Data supplied:

***

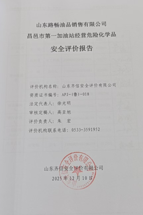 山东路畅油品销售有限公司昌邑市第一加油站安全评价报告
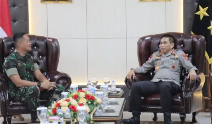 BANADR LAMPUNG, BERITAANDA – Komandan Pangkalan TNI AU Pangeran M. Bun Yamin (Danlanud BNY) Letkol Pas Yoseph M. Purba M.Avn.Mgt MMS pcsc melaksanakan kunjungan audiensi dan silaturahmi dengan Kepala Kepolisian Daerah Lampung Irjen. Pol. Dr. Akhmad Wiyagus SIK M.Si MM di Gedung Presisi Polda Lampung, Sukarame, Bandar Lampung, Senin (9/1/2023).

***

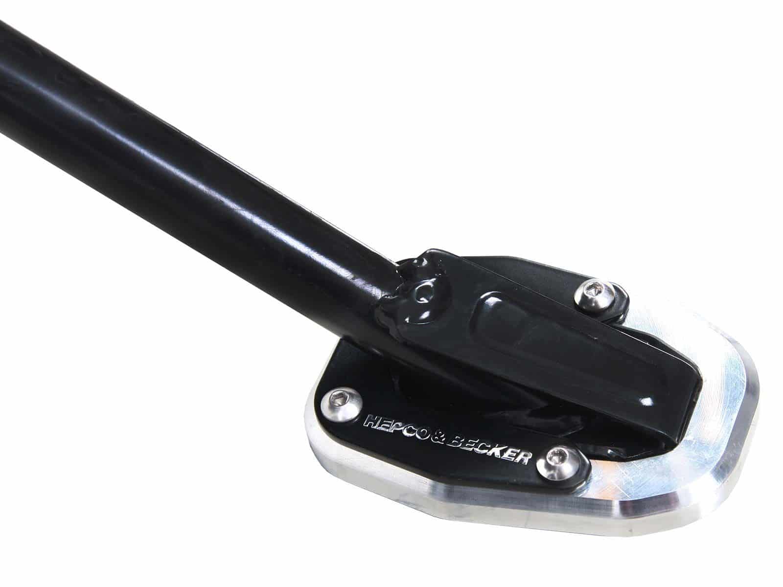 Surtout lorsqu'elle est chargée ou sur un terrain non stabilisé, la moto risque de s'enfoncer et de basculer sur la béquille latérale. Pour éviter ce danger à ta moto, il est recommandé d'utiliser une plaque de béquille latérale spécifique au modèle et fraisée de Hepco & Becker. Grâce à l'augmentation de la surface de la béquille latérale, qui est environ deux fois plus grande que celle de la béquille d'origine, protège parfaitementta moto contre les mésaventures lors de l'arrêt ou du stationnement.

***

What is expected:
The reply should hold exactly the lines above, starting at the line with "山东路畅油品销售有限公司昌邑市第一加油站安全评价报告" and ending at the line with "BANADR LAMPUNG, BERITAANDA", and no pictures.

Expected answer:
 山东路畅油品销售有限公司昌邑市第一加油站安全评价报告
 BANADR LAMPUNG, BERITAANDA – Komandan Pangkalan TNI AU Pangeran M. Bun Yamin (Danlanud BNY) Letkol Pas Yoseph M. Purba M.Avn.Mgt MMS pcsc melaksanakan kunjungan audiensi dan silaturahmi dengan Kepala Kepolisian Daerah Lampung Irjen. Pol. Dr. Akhmad Wiyagus SIK M.Si MM di Gedung Presisi Polda Lampung, Sukarame, Bandar Lampung, Senin (9/1/2023).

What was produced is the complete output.